I've been on a quasi-cosy mystery kick for a while - pandemic, PhD, who knows - and have now gotten through all of Elly Griffiths' different series (the Ruth Galloways are the best (primarily for being a rather dry soap opera), though the Magic Men are, despite sounding the most cheery, the darkest. I liked the first two Harbinder Kaur a lot, but not the move to London in the third book.)

Also really enjoyed the more goofy-twisty deconstructions in Anthony Horowitz's books, particularly the Magpie Murders, though the fourth-wall-breaking Hawthorne stuff is feeling a bit repetitive and less fun. Janice Hallett's two books also great, and, not as good but readable fun, Lucy Foley's two murder-in-remote-place mysteries. Still consistently enjoying all of Ann Cleeves different series too.

On the other hand, did not take too much to Richard Osman or Louise Penny, which I found too far over on the twee and cloying side of cosy. Margaret Kirk's Shadow Man and Sarah Pearce's The Sanatorium also a bit too self-serious and not interestingly characterised enough to bear it. Trying to get into Peter May at the moment, but tough going.

Finally, Galbraith/Rowling latest way, way overlong Strike novels are...not good in many technical senses, and her politics (which she could just have left alone, ffs) are increasingly a really sickly permeation of the novels and getting more regressive and offensive by the day. And yet, she has this particular laser focus in her adult novels on issues of vanity and self awareness and self presentation where almost everyone is so, well, full of shit, in a way I still find compelling enough that suddenly I've read 1,200 pages.

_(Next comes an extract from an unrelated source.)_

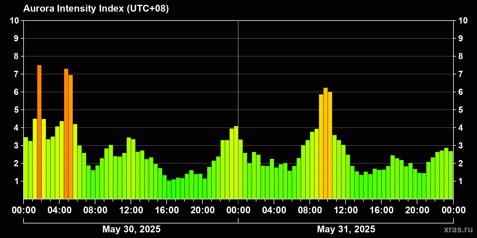 Changes in the auroral intensity index from 2025-05-30 to 2025-05-31 local time

I share your thinking on the ones I have read that you mention. I re-read Elly Griffiths Ruth Galloway series in one long binge during COVID. I found it had been long enough since first reading that I could do it without remembering whodunnit on the first page. I also prefer them to her magic men series, but I really did enjoy the novelty of the first of the magic men books. I read your post and wondered who Harbinder Kaur was. I checked my kindle and found out I had read them! Clearly they didn't grab me.

I really liked the Magpie Murders, enough to buy all the following post moderny ones. I found each worse than the other. Basically utterly boring. Didn't bother finishing the last. Likewise I started the first Richard Osman and quite enjoyed it but for some reason didn't finish. It was so much a self conscious feel good confection that it cant have gripped me that much. I've read a few Louise Penny's and they are good but not a favourite of mine.

When I read the first of Rowling's Strike novels published under a different name I though that it was extremely polished and nailed the genre and liked that it reminded me of all the previous PIs who are veterans of other wars and all their secretaries. This I liked. But they got progressively grim and found myself unwilling to enter into the grimness of the crimes or the pointlessness of all the miserable relationship complications. Must be old age, I think.

Ann Cleeves of course is the best!

I have recently gobbled up the latest Bosch book and the latest Robert Crais. Bosch manages to be not quite dead at the end so can't say its the final Bosch.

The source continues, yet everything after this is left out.